Ben:  Yeah. And if you click through to like this 700 plus peer-reviewed studies that they're linking to from their website for neurofeedback for ADHD, or anxiety, or PTSD, or–

Andrew:  It's not their study.

Ben:  Yeah, it's not their study. It's actually using traditional, clinical EEG equipment similar to what you're using. So, it's kind of interesting. I don't know if it's close to false advertising, but it is interesting. So, I love to run this stuff by you just because–I guess many questions about it.

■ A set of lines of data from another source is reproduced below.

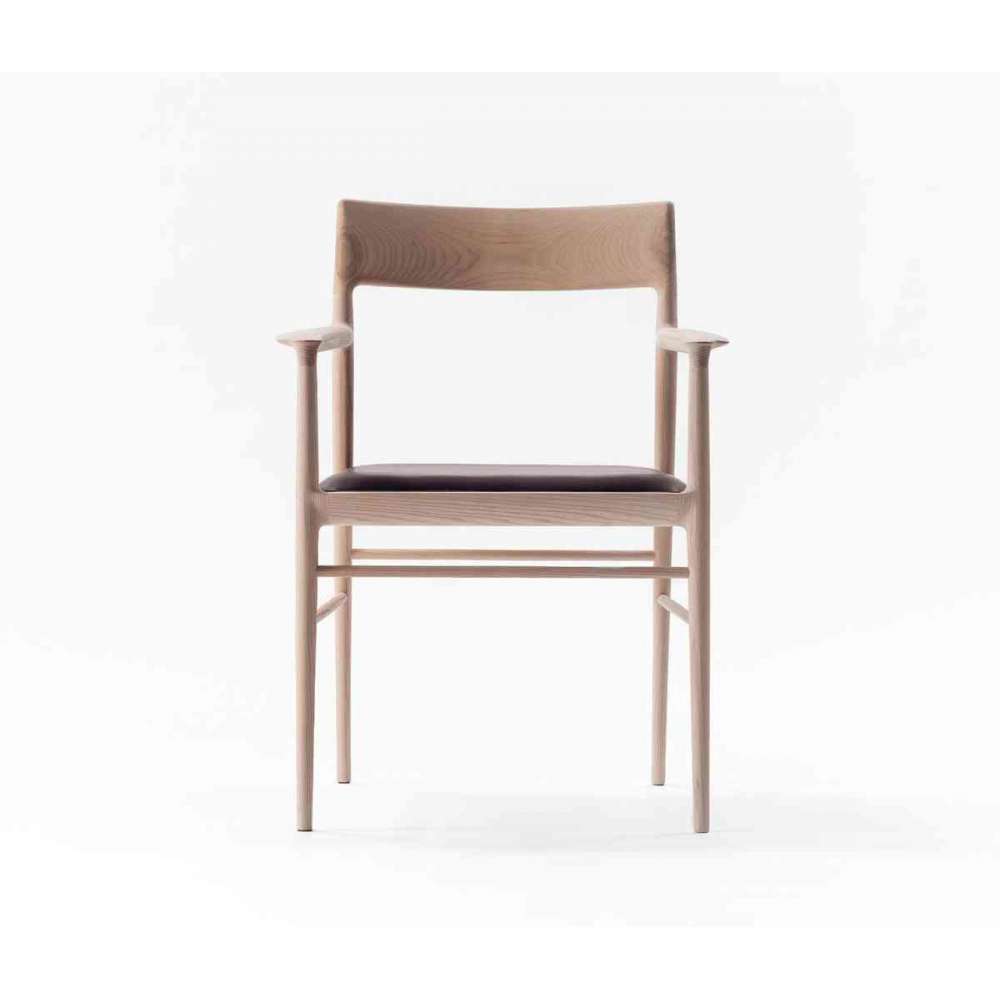 Krągłości, których nieświadomie chcesz dotknąć, oraz złożone połączenia są precyzyjnie wyrzeźbione z naturalnego drewna i wypolerowane przez rzemieślników, aby uzyskać wspaniałe wykończenie. Lekko wygięty, aby zapewnić podparcie pleców, ramiak krzesła płynnie łączy się z oparciem, a nogi mają prostą, ortodoksyjną konstrukcję z przebijającymi się belkami stropowymi. Oparcie zostało wyrzeźbione z giętego drewna, aby podkreślić wyraz drewna. Aby naturalna faktura drewna nie sprawiała wrażenia ciężkości, oparcie, rama siedziska i podłokietniki mają ostrą formę, która emanuje poczuciem lekkości, celem co ma na celu stworzenie standardowego wyglądu pasującego do każdego zastosowania. Wykończenie mydłem tworzy delikatne wrażenie, które dodaje fakturze drewna, podczas gdy wykończenie farbą tworzy jeszcze ostrzejsze, jaśniejsze wrażenie. Prosta jak strzała forma krzesła i faktura drewna jednocześnie nadają przestrzeniom lekkości i miękkości.
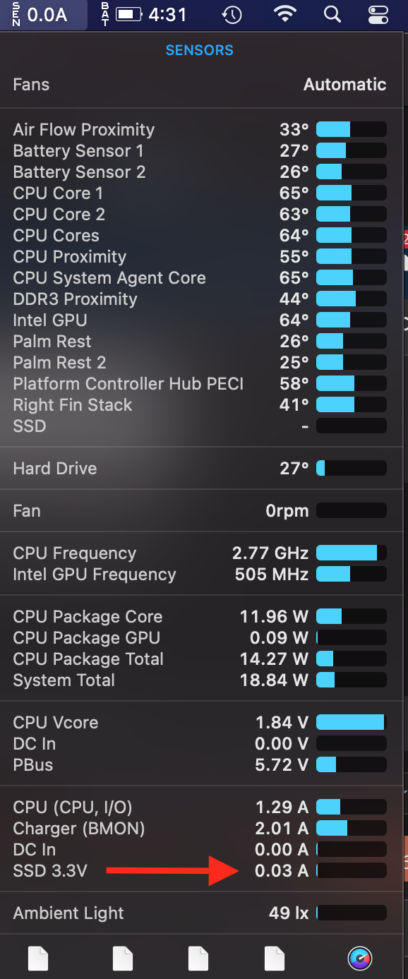 Placed the 500 GB SSD back in the MBA of my daughter, all still worked well. Reinstalled my 2 TB Intel 660p NVMe SSD in my rMBP 2015 13" (with short Sintech adapter). Checked SSD power usage when running on battery. Enabled Intel Power Gadget first (only required for CPU readings). Booted. After some minutes the idle current for the SSD dropped to 0.00A. Measured with iStat Menus version 6.51 on battery power.
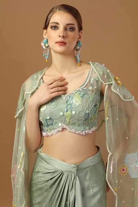 Green embroidered skirt featuring ruffle drapes and frill hem. Paired with a sleeveless leaf neckline blouse and a sheer organza shrug adorned with multi-colored floral appliques.
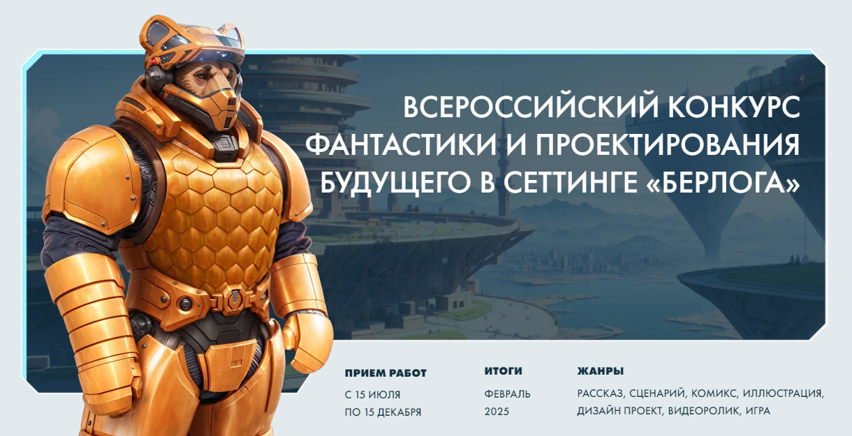 ? Национальная киберфизическая платформа «Берлога» выпускает полезные видеоигры в фантастическом сеттинге о технологически продвинутых медведях. В играх школьники могут научиться программировать дронов, а также имеют возможность посещать профильные образовательные мероприятия и технологические кружки. Номинации конкурса: ✅ Рассказ по миру «Берлоги» ✅ Фантастическая сказка для малышей по миру «Берлоги» ✅ Сценарий комикса по миру «Берлоги» ✅ Комикс по миру «Берлоги» ✅ Иллюстрация, связанная с миром «Берлоги» ✅ Серия иллюстраций (от 6 иллюстраций, связанных одной историей, и подробно демонстрирующая жизнь в мире техноутопии) ✅ Концептуальный дизайн-проект (проект устройства, здания, транспортного средства из мира «Берлоги») ✅ Настольная игра о мире «Берлоги» ✅ Компьютерная игра о мире «Берлоги» ✅ Тизер игры по миру «Берлоги» ✅ Видеоролик с оригинальным сюжетом по миру «Берлоги» Положение Подробнее на официальном сайте проекта
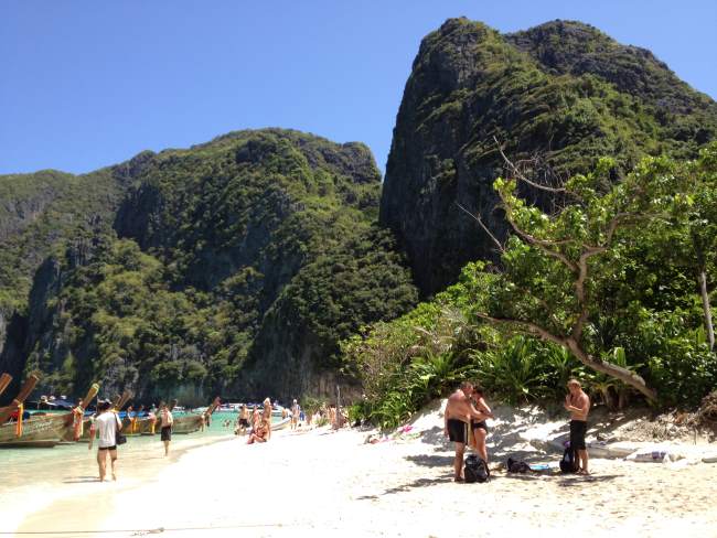 Samozřejmě nelze vynechat proslavenou pláž z filmu Pláž. Přibližně půl hodiny jízdy na lodi z ostrova Phi Phi se dostanete na stejně pojmenovanou pláž, kde není žádné stavení, ale je tak přeplněná turistickým ruchem, že se mi osobně vůbec nelíbila.
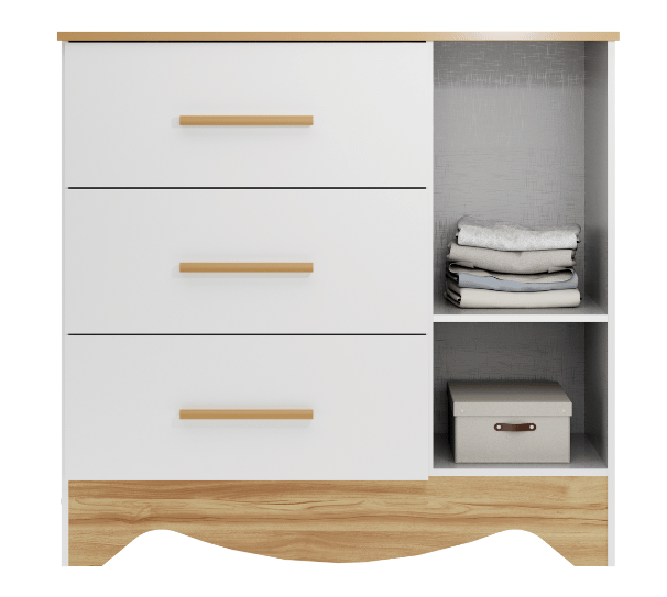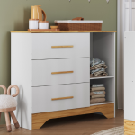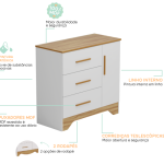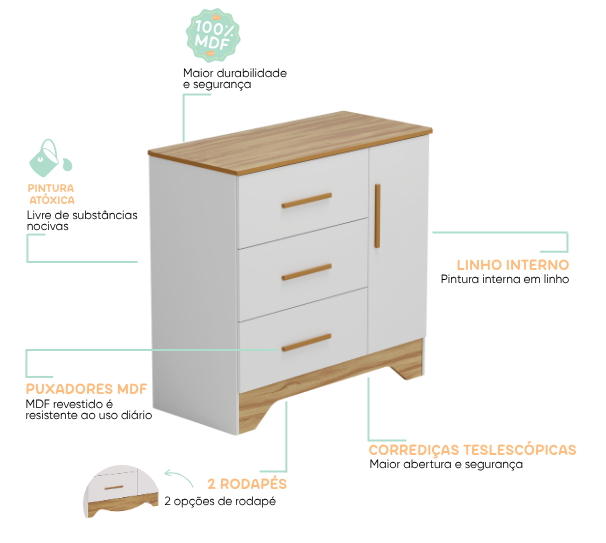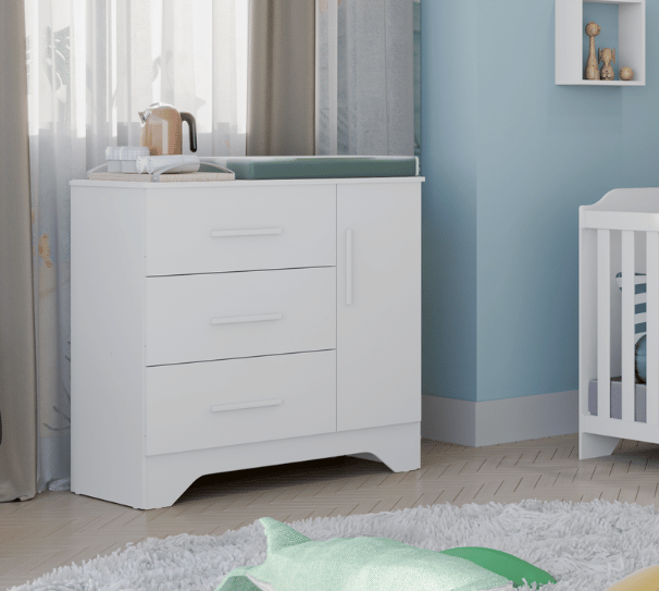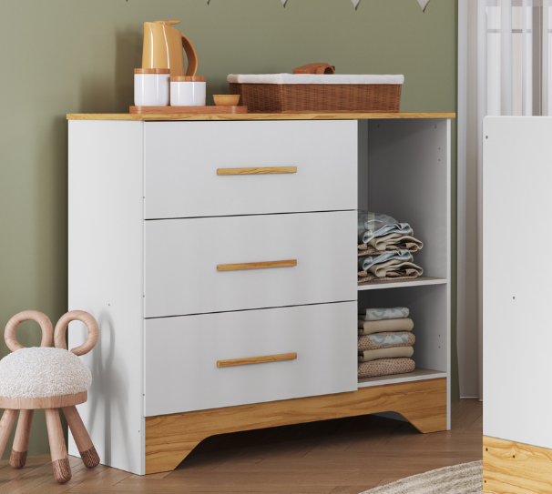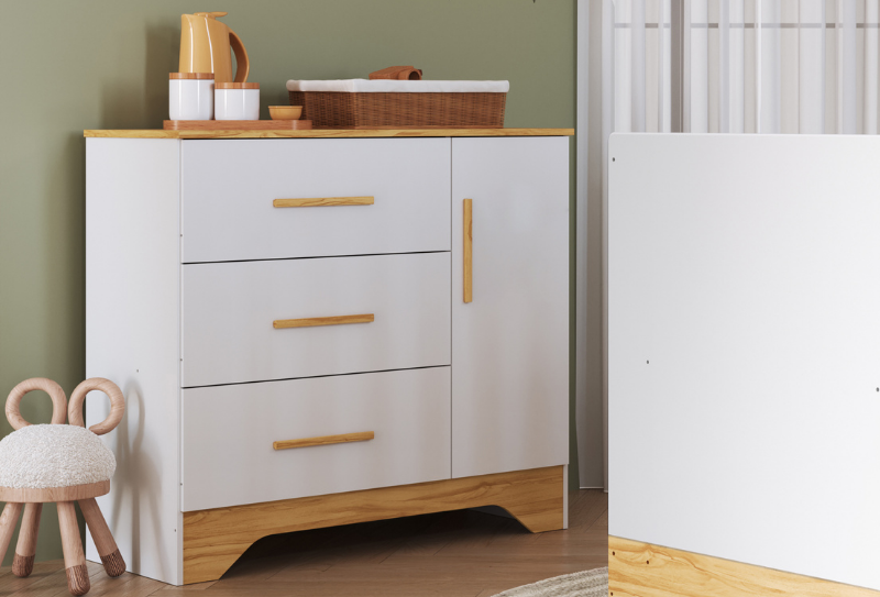 Todos os nossos móveis infantis são fabricados 100% em MDF, um material de alta qualidade que garante maior resistência, estabilidade e acabamento superior. Essa escolha é ideal para o uso diário no quartinho do bebê, pois o MDF não lasca com facilidade, não empena e suporta melhor o uso contínuo, seja ao abrir e fechar gavetas ou apoiar objetos.
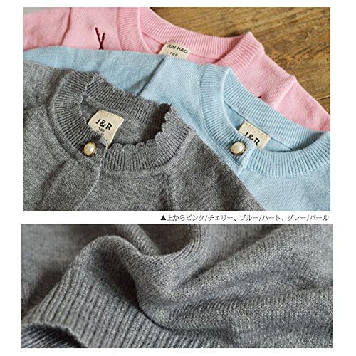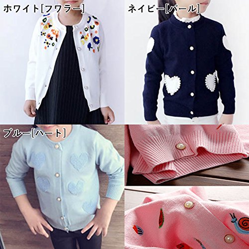 Plus Nao(プラスナオ) カーディガン 子供用 キッズ ジュニア 女の子 子供 長袖 丸首 ニット ハート柄 フルーツ柄 パール 可愛い おしゃれ 1 140 ブルー【ハート】
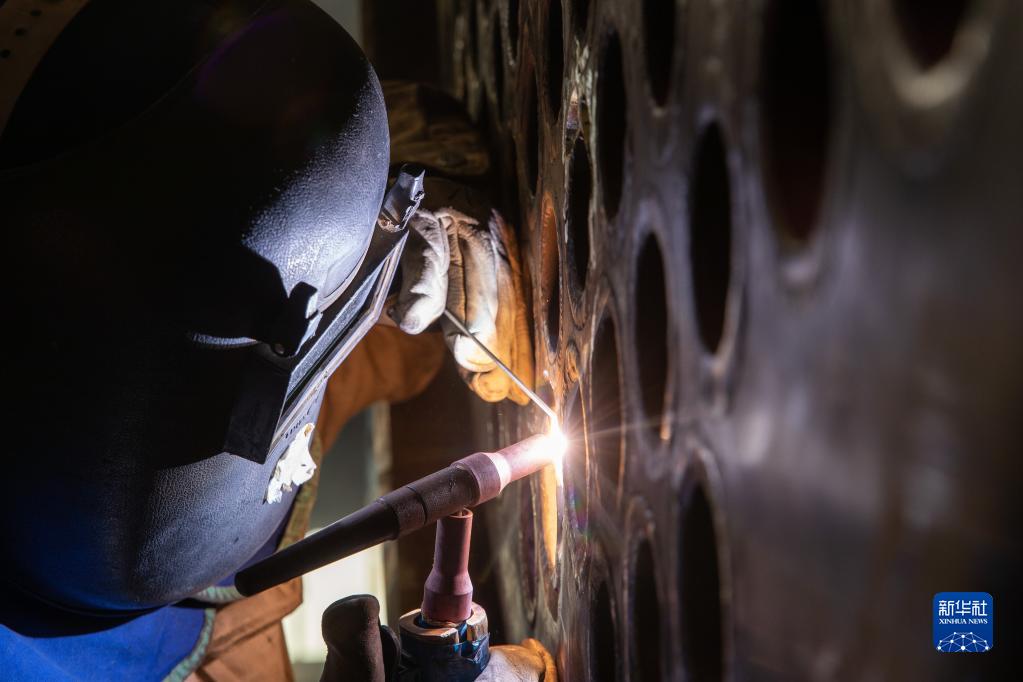 4月12日,工人在哈電集團哈爾濱鍋爐廠有限責任公司生產車間內作業。

Andrew:  Yeah. It's better than doing one size fits all system. I love they have an ecosystem of clinicians ready to jump in and help. I trained a few clinicians who are using their system to administer neurofeedback. I'm hearing the pluses and minuses. I'm seeing and I'm working with a little bit myself over the shoulder people. And it's great. It's trying to solve a particular problem. I'm a little biased, Ben, because I'm trying to solve the same problem in terms of managing neurofeedback. I mean, you and I worked–we were texting back and forth and now we want to slack and–we're refining our communication. At one point, I gave you a Google sheet based chart to work off of. Then we moved on a business process flow app we built. And now, I'm in the process of moving all of that to mobile. I have a quantified self app. It's not just about neurofeedback, but it's about tracking everything: sleep, stress, tension, mood, neurofeedback, exercise.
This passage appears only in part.